MoviePy is a library for video editing tasks such as trimming, combining, and applying effects.
$ pip install moviepy
Load the video with VideoFileClip and overlay other Clips like TextClip with CompositeVideoClip. In the following example, text is displayed at 40% from the left and 70% from the top for 3 seconds, starting 5 seconds after the video begins.

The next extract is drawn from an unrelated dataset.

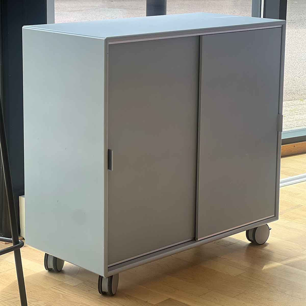 Skåp med hjul och skjutdörrar från Montana, ritat av oss själva med fokus på funktion och modern stil. Skåpet har ett praktiskt hyllplan inuti för smidig förvaring och finns i utförande 02 Fjord. Tack vare hjulen är det enkelt att flytta skåpet efter behov, vilket gör det både flexibelt och användbart i många rum.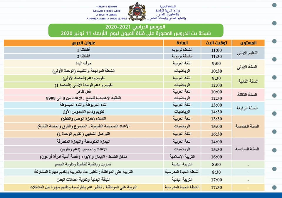 القائمة الرئيسية الصفحات شبكة بث الدروس المصورة على قنوات الثقافية والأمازيغية والعيون ليوم الأربعاء 11 نونبر 2020برنامج بث الدروس على قناة العيونبرنامج بث الدروس على قناة الأمازيغيةبرنامج بث الدروس على قناة الثقافية أخر المواضيع من قسم : البرمجة المفصلة لبث دروس مواضيع الساعة

from moviepy import VideoFileClip, TextClip, CompositeVideoClip, AudioFileClip, CompositeAudioClip
video = VideoFileClip("video.mp4")
txt_clip = TextClip(font="Arial Unicode.ttf", text="テスト", font_size=70, color='white') \
.with_start(5) \
.with_duration(3) \
.with_position((0.4,0.7), relative=True)
final_video = CompositeVideoClip([video, txt_clip])
final_video.write_videofile("result.mp4", codec='libx264', audio_codec='aac')

Similarly, you can overlay audio using CompositeAudioClip. In the following example, the original video’s volume is set to 20% and plays seconds 1-3 of the audio file starting 5 seconds after the video begins.
audio_clip = AudioFileClip("audio.mp3")
final_audio = CompositeAudioClip([
video.audio.with_volume_scaled(0.2), audio_clip.with_start(5).subclipped(1, 3)
])
final_video = video.with_audio(final_audio)